Aim of the exercise: Below are entries. Give back exactly the lines from the one containing "Máte koupený dárek" through the one containing "为了进一步提高中级财务会计的", inclusive, without the pictures.

Information:
• • •

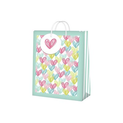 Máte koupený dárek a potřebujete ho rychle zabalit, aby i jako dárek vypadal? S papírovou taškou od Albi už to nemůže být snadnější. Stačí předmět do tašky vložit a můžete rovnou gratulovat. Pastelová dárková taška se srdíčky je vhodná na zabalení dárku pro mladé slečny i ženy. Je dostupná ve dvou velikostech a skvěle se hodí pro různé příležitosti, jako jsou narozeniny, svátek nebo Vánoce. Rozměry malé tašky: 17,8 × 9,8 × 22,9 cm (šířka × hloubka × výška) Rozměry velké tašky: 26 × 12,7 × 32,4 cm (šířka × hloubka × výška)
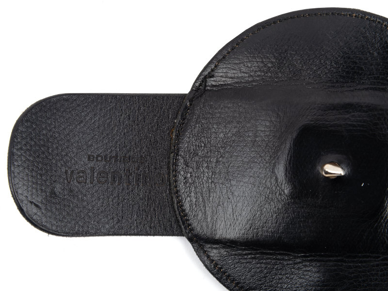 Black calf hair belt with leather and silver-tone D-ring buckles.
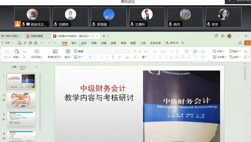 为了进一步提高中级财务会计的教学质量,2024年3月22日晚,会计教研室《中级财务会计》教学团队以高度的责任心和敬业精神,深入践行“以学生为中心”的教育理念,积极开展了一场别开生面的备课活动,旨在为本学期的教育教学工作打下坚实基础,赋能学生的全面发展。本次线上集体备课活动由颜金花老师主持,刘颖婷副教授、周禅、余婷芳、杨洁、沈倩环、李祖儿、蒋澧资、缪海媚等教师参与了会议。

• • •

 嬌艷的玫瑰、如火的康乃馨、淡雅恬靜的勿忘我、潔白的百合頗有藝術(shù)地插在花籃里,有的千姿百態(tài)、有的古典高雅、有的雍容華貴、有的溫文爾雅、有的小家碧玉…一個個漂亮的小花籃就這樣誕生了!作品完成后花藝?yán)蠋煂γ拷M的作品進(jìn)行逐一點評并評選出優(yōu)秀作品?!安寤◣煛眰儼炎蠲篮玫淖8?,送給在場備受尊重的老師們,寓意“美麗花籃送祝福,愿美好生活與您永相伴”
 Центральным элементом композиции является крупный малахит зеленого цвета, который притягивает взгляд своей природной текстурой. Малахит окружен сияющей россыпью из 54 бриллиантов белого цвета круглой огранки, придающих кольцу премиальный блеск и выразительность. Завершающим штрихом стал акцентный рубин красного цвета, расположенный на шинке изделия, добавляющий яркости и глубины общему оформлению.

• • •

Written solution:
 Máte koupený dárek a potřebujete ho rychle zabalit, aby i jako dárek vypadal? S papírovou taškou od Albi už to nemůže být snadnější. Stačí předmět do tašky vložit a můžete rovnou gratulovat. Pastelová dárková taška se srdíčky je vhodná na zabalení dárku pro mladé slečny i ženy. Je dostupná ve dvou velikostech a skvěle se hodí pro různé příležitosti, jako jsou narozeniny, svátek nebo Vánoce. Rozměry malé tašky: 17,8 × 9,8 × 22,9 cm (šířka × hloubka × výška) Rozměry velké tašky: 26 × 12,7 × 32,4 cm (šířka × hloubka × výška)
 Black calf hair belt with leather and silver-tone D-ring buckles.
 为了进一步提高中级财务会计的教学质量,2024年3月22日晚,会计教研室《中级财务会计》教学团队以高度的责任心和敬业精神,深入践行“以学生为中心”的教育理念,积极开展了一场别开生面的备课活动,旨在为本学期的教育教学工作打下坚实基础,赋能学生的全面发展。本次线上集体备课活动由颜金花老师主持,刘颖婷副教授、周禅、余婷芳、杨洁、沈倩环、李祖儿、蒋澧资、缪海媚等教师参与了会议。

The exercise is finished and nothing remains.